O filho do Nicholas! A mente de Andreas fez um estalo com a revelação do nome.

— Acho que o senhor conheceu meu pai…

— Conheci sim, Nicholas Jaramillo… Era um bom homem, uma pena o que aconteceu. Meus pêsames, garoto. — Andreas disse, abraçando Kevan, que se sentiu acolhido pelo gesto do homem.

Quando o abraço foi desfeito, Andreas percebeu que Kevan possuía algumas lágrimas nos olhos.

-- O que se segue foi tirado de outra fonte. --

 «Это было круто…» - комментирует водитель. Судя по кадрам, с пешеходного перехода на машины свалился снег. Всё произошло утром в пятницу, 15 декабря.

— Sim, ele era… Um homem um pouco complicado de se lidar, mas um grande homem. E um grande pai. — Suspirou, sendo surpreendido pelo som do walkie-talkie.

— Olá? Dawn?

— Kevan, preciso que me ajude a levar a primeira leva de sobreviventes, o resgate para eles acabou de chegar. Você pode? Estou terminando de resolver uma questão aqui.

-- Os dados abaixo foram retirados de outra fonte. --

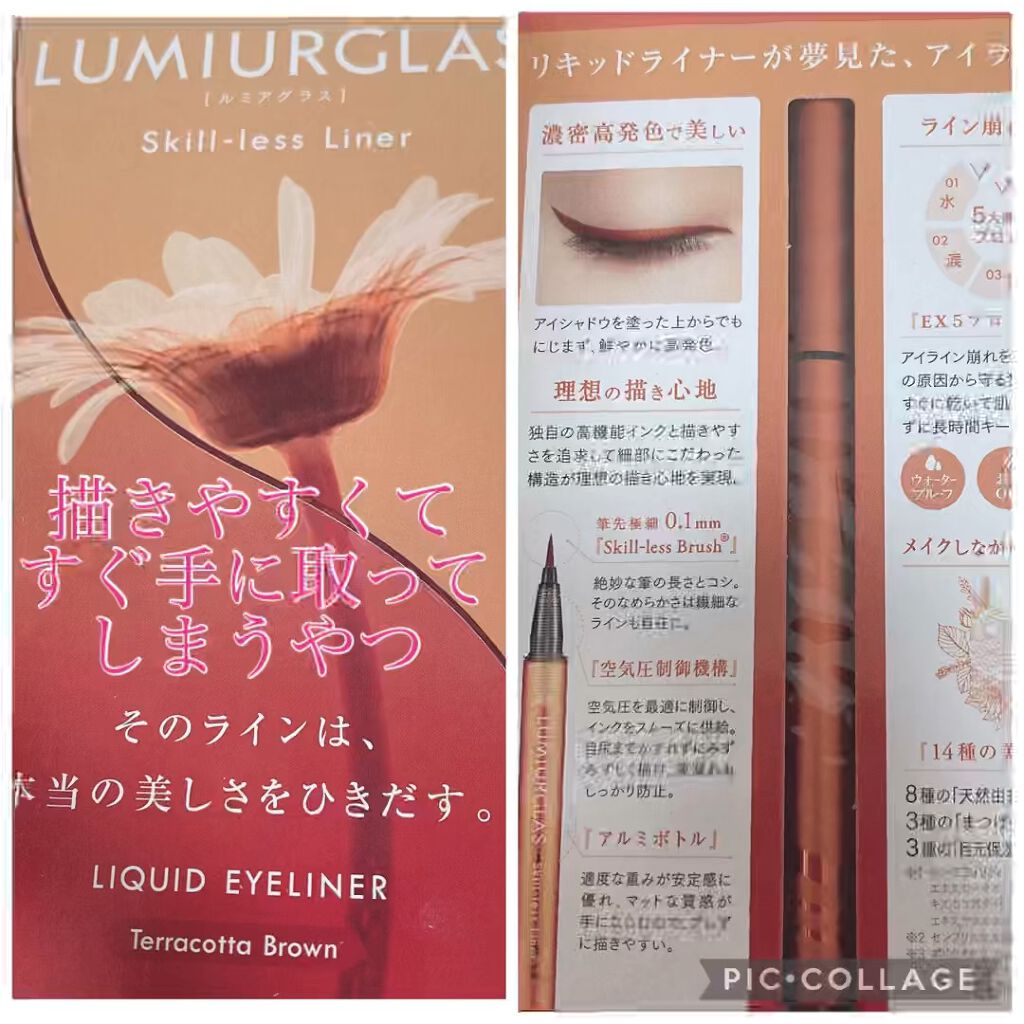 LUMIURGLASスキルレスライナー04.テラコッタブラウン ¥1,650肌の色になじみみやすい赤みの強いブラウン。オレンジや赤みブラウンのアイシャドウと一緒に使うと可愛い♡スルスル目尻まで描きやすいです。14種類の美容液成分配合で、メイク...

— Sem problema, enfermeira. Mesmo com a chuva?

— O diretor do hospital disse que será possível retirar os sobreviventes antes da chuva, Kevan. Não que eu concorde com isso, mas…

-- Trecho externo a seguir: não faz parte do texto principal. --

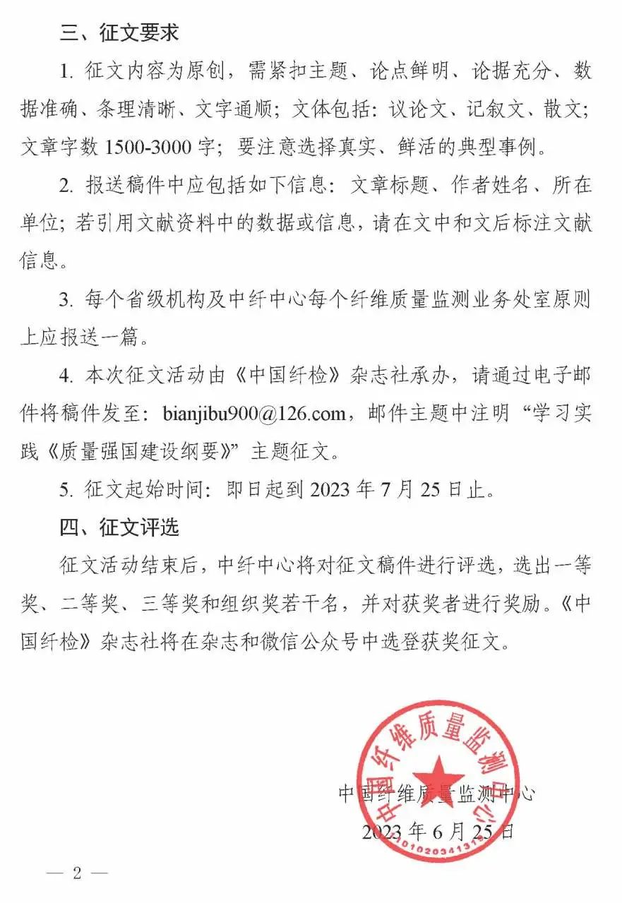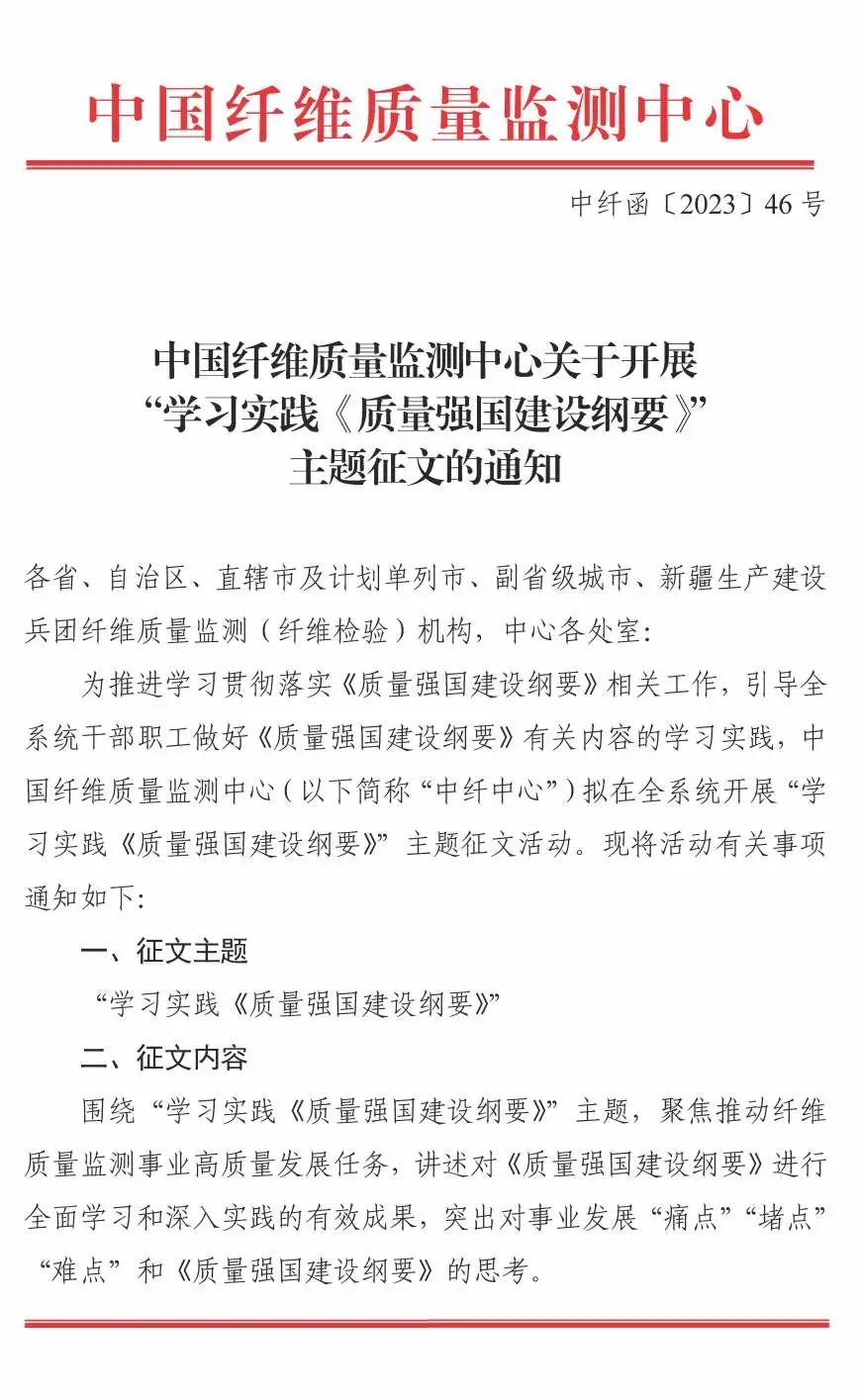 中国纤维质量监测中心关于开展“学习实践《质量强国建设纲要》”主题征文的通知

— Ordens superiores. Entendo.

— Sendo me encontre na tenda externa daqui a quinze minutos, por favor. Obrigada Kevan.

Assim que desligou o walkie-talkie, o jovem falou:

— Bom, eu preciso ir. Foi uma prazer te conhecer, senhor. E para chegar na sala de reconhecimento é só caminhar reto por esse corredor e virar no próximo corredor à direita. Última porta antes da que vai dar para a saída externa.

— O prazer foi meu, Kevan. E muito obrigado. — Andreas falou, cordialmente, apertando a mão do jovem.

XXX

San Francisco, 1995.

A cidade tinha um brilho especial pela manhã e o céu estava azul como nunca esteve. Andreas observava o pequeno jardim embaixo da janela do consultório do Dr. Markle, quando a porta se abriu.

Ele não entendia bem o motivo de estar ali, mas sua mãe fizera questão, e ele nunca fora capaz de questioná-la. Mesmo estando no auge dos seus quinze anos, o rapaz de corpo esguio e pálido não se atrevia a burlar sua autoridade. Ele desconhecia as metodologias de uma sessão com psicólogo, mas entendia que aqueles tipos de conversas se davam entre especialistas e pacientes. E pacientes enfrentavam problemas. Andreas nunca tivera nenhum problema a nível psicológico, até onde lembrava. Então, por que fora levado àquele lugar?

O amigo de sua mãe, um homem de roupas sociais que entrara, apesar de estar com todo seu cabelo escuro penteado para trás, visivelmente já havia passado da meia-idade. Cheirava a creme de barbear. O doutor estendeu a mão para que o garoto pudesse apertá-la e assim o fez, e os dois sentaram em seguida. O jovem Andreas ficou calado por alguns instantes, até o psicólogo quebrar o silêncio:

— Agora que sua mãe está lá fora e estamos sozinhos, pode me contar o que houve.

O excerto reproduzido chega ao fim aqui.